Al tercer día de que ellos entregaron su dictamen –una carpeta muy voluminosa–, el ISC les entregó unas cuantas hojas: se trataba de una cédula de evaluación postsísmica con datos y medidas del propio dictamen que firmaron los DRO contratados por los vecinos. Es decir, el gobierno nunca ordenó hacer una mecánica de suelos o un dictamen de seguridad estructural; sin embargo, la decisión de la institución capitalina fue catalogar a Centauro como un recinto de alto riesgo de colapso. Decenas de familiares pelearon con el fin de evitar la demolición del edificio porque también tenían un presupuesto para la rehabilitación y esta saldría en 21 millones de pesos, dinero que pagarían entre todos los habitantes y los ocho comercios, pero aún así era un costo mucho menor a lo que costó la demolición de Osa Mayor.

Otro de los temores de los vecinos de Centauro, que dieron a conocer en mayo de este año, fue que ante el “paso de tortuga de las autoridades, el uso poco claro y poco óptimo de los recursos de reconstrucción, y sabedores que a la fecha hay 70 inmuebles ya demolidos en los que no han iniciado los trabajos de reconstrucción, desconfiamos de una demolición que pudiera dejarnos sin nuestro único patrimonio; más aún considerando que hay opiniones técnicas calificadas que opinan favorablemente respecto de una rehabilitación”.

Durante toda la batalla legal, el gobierno les insistió una y otra vez que saldría mucho más económico demolerlo que rehabilitarlo.
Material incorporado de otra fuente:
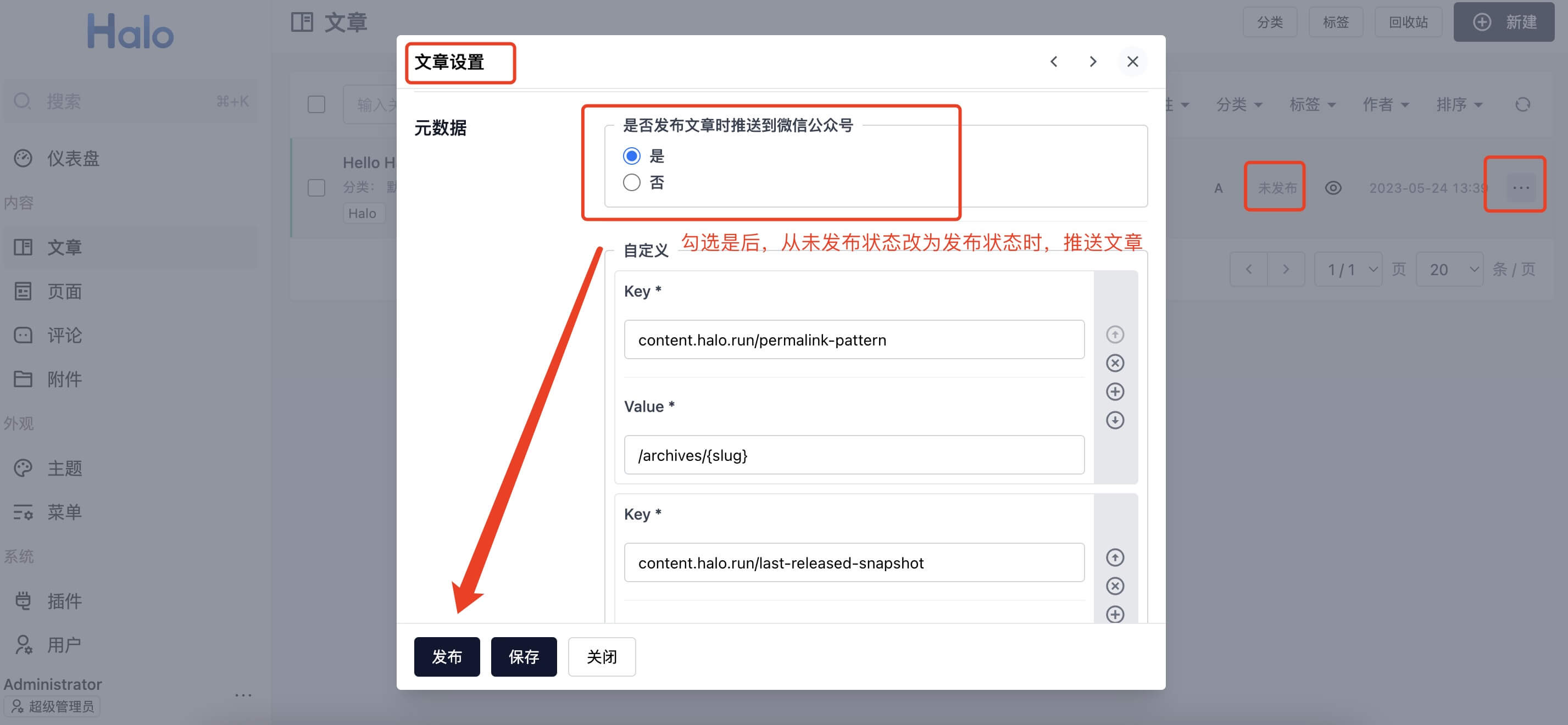 可以在文章列表右边操作处选择「同步到微信公众号」,选择确认,即可将文章同步到微信公众号。稍等片刻刷新 Halo 的页面即可查看同步的状态以及可能的错误提示。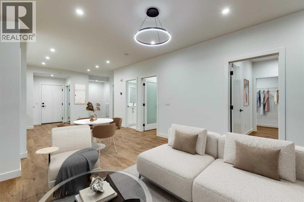 Welcome to Frontier by Truman Homes in the heart of West Hillhurst.This brand-new 3 bedroom, 2 bathroom condo offers over 1,060 sq. ft. of modern living space, complete with two titled heated underground parking stalls and a secure storage locker conveniently located on the same floor as the unit.The open-concept layout is enhanced by 9-foot ceilings, wide-plank flooring, and contemporary finishes. The kitchen is appointed with quartz countertops, full-height cabinetry, stainless steel appliances, and a gas range, combining modern design with everyday functionality. A private balcony extends your living space outdoors, complete with a gas hookup for your BBQ.The primary suite includes its own ensuite, while two additional bedrooms provide flexibility for guests, family, or a home office. The 5-piece main bathroom with dual sinks adds both style and convenience. Additional highlights include in-suite laundry and central air conditioning.Residents enjoy access to a fitness centre, co-working lounges, a landscaped courtyard, secure bike storage, and visitor parking.Located just steps from Kensington’s cafés, shops, and dining, and only minutes from the Bow River pathways and downtown Calgary, this home is ideal for those seeking convenience and a low-maintenance lifestyle. Everyday amenities are at your doorstep with FreshCo, Crave Cupcakes, C+C Coffee, a Pilates studio, and Metro Liquor all within the community. (id:58070)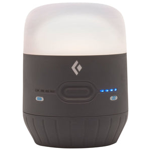 A multi-functional, ultra-bright lantern for basecamps, campgrounds and off-grid situations, the Black Diamond Moji Power Station not only provides 250 lumens of power, but it also charges handheld electronics via USB. The Moji Power Station's super-simple design features multi-power charging capabilities and runs off of direct AC (with adapter, not included), an enclosed rechargeable battery or standard AA alkalines. The Moji Power Station's portable power functionality also charges out via USB to keep cameras, phones and other small handheld electronics going strong while roaming far from home. A single power switch dims the light for optimal brightness, and a collapsible double-hook loop allows for easy hanging.
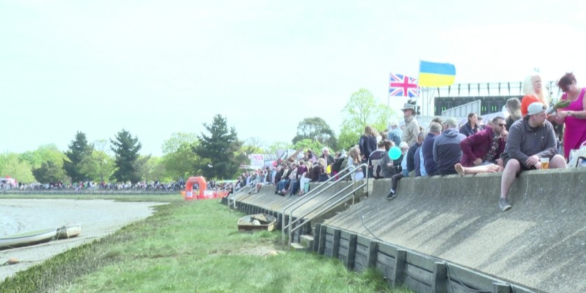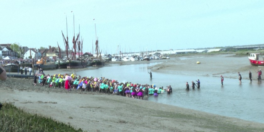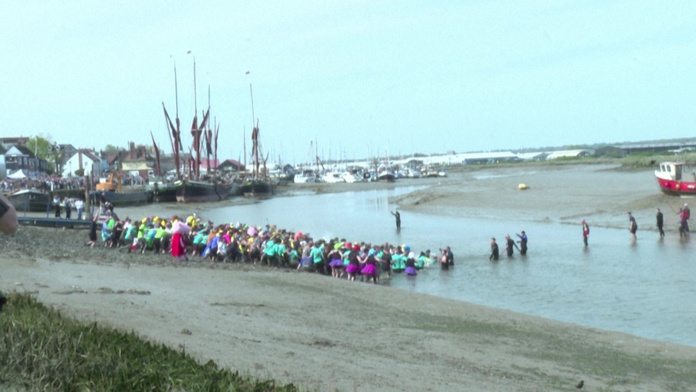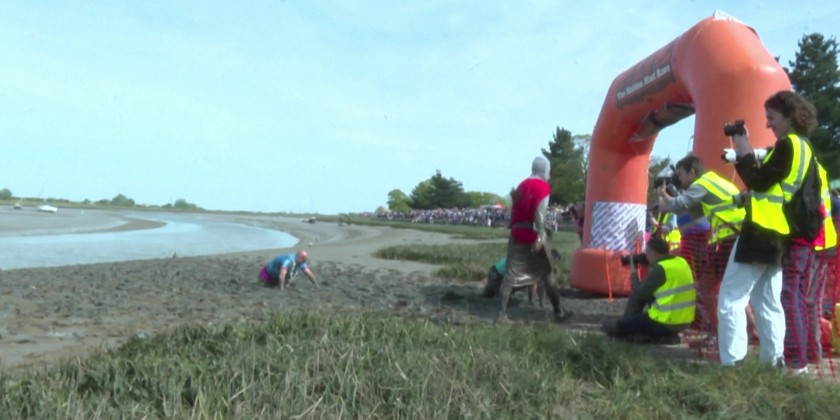 Dressed up as tea cups, frogs and anything in between, competitors battle for glory at the annual 'Maldon Mud Race' in the south of England, raising money for charities and giving a boost to the local community. Hundreds of competitors take part in extreme muddy conditions. .They may run across riverbeds or obstacle courses. Competition Style is not just running also wading, crawling, slipping.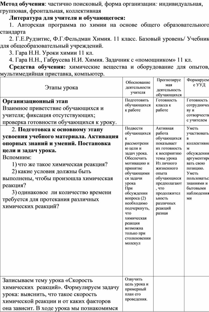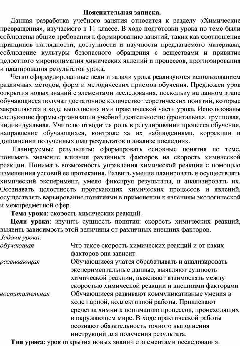 Данная разработка учебного занятия относится к разделу «Химические превращения», изучаемого в 11 классе. В ходе подготовки урока по теме были соблюдены общие требования к формированию занятий, таких как соотношение принципов наглядности, доступности и научности предлагаемого материала, соблюдение культуры безопасного обращения с веществами и привитие целостного миропонимания химических явлений и процессов, прогнозирования и планирования результатов урока.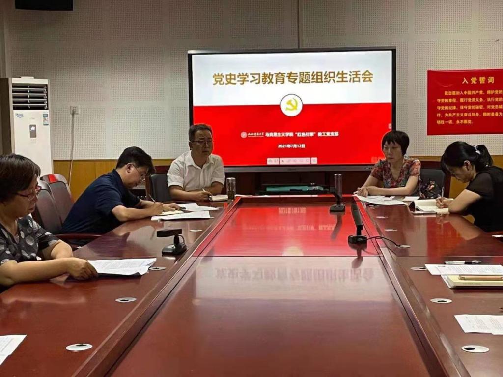2021年7月12日,3003新葡官方网站“红色引擎”教工党支部召开党史学习专题组织生活会。会议由支部书记赵笑蕾教授主持,院党委书记王银列席,支部全体党员参加。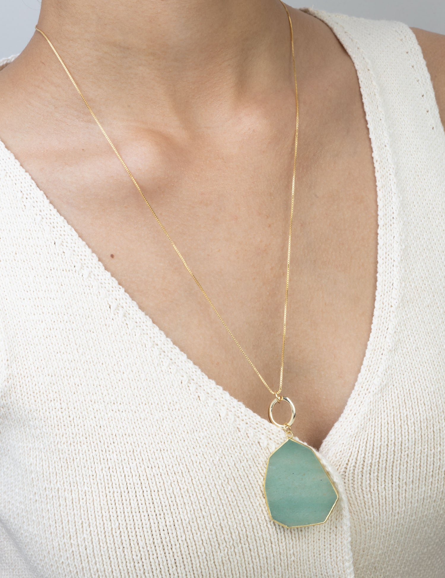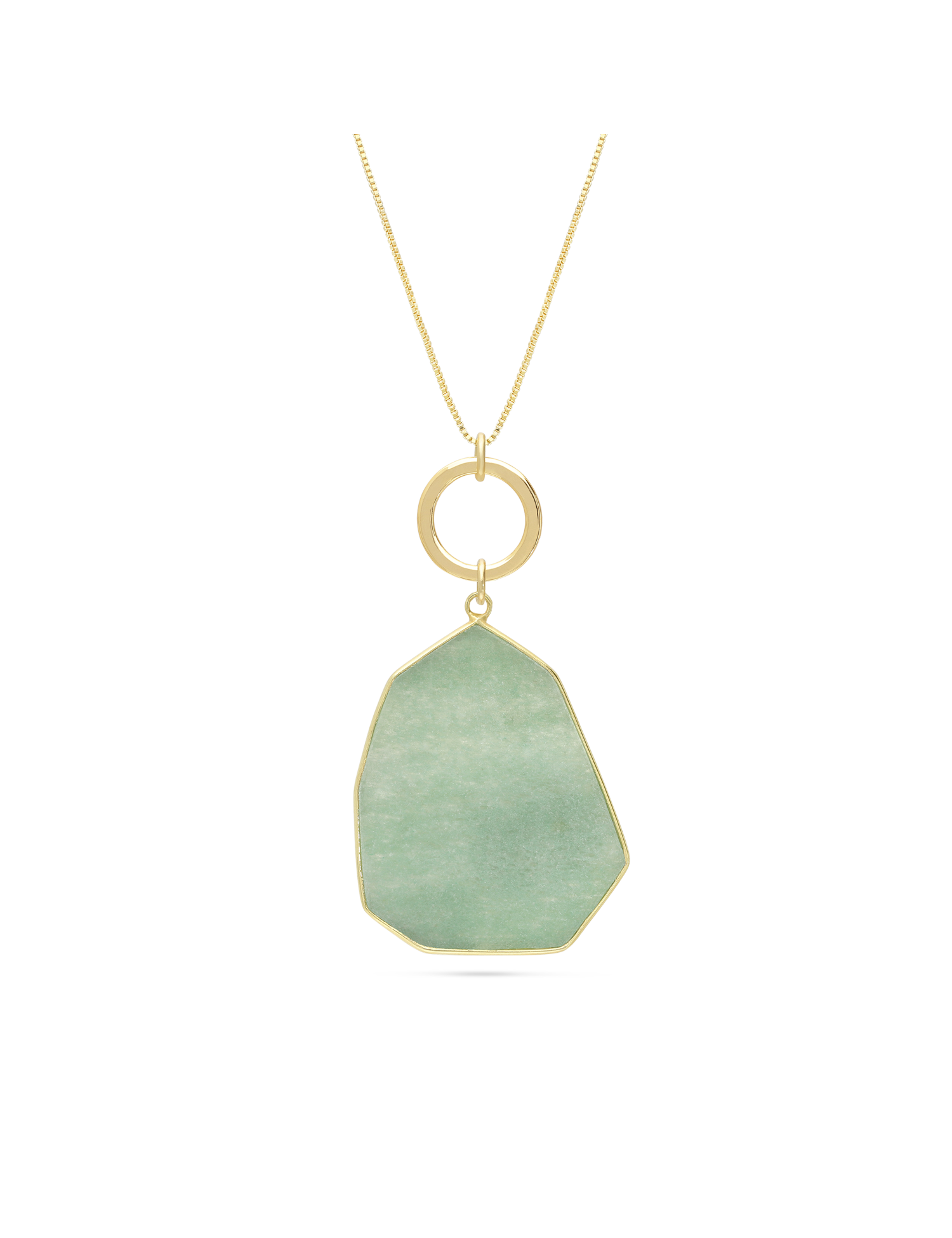 Fio com pendente, Banhado a Ouro, Amazonita de cultivo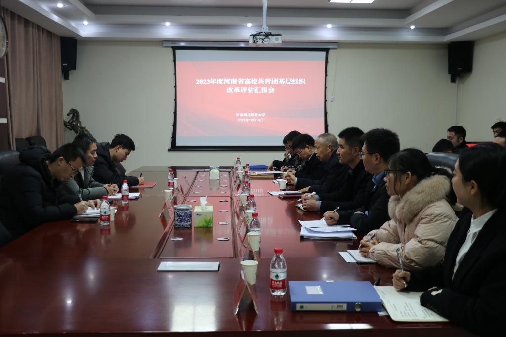 12月14日,共青团河南省委第五评估复核组河南师范大学校团委副书记杨上上,法学院团委书记陈宇翔,新联学院团委书记李震南一行3人莅临我校开展2023年河南省高校共青团基层组织改革评估工作。我校在综合楼9楼会议室召开汇报会,党委副书记司元亨、夏永亮,周口师范学院团委副书记张少辉、周口职业技术学院团委书记闻檑、周口文理职业学院团委书记王东伟及团委各部门负责人参加会议。会议由司元亨主持。

El Comité de Emergencias avaló la demolición de Centauro. Al final, 36 departamentos de 56 decidieron también que era lo mejor. Leslie ya no pudo más con la batalla legal para detener el proceso, y tuvo que despedirse de su casa cuya demolición comenzó el pasado 8 de septiembre; no obstante, en esa fecha no pudo sacar todos sus muebles.

Les dieron cinco días con el propósito de que sacara todas sus pertenencias, pero no fueron suficientes. Leslie no tenía un espacio dónde llevarlas; pudo sacar unas cuantas cosas. Confiaba en que le darían una prórroga, sin embargo las autoridades le dijeron que ella estaba retrasando la construcción. “¿Cuál reconstrucción? –les respondió enfadada– Díganme de un lugar que ya estén reconstruyendo, en el que ya haya cimentaciones o una planta baja o un primer piso; ¿en dónde está la reconstrucción? Ustedes sólo quieren demoler”.

Ahora, los habitantes de Centauro decidieron que la reconstrucción de su edificio será financiada con créditos otorgados por el Instituto de Vivienda, además, el gobierno de la Ciudad de México aportará el 10 % del total a fondo perdido; no obstante, por el momento se desconoce el monto íntegro, porque la demolición aún no concluye y por lo tanto tampoco hay estudios para levantar una vez más al Centauro.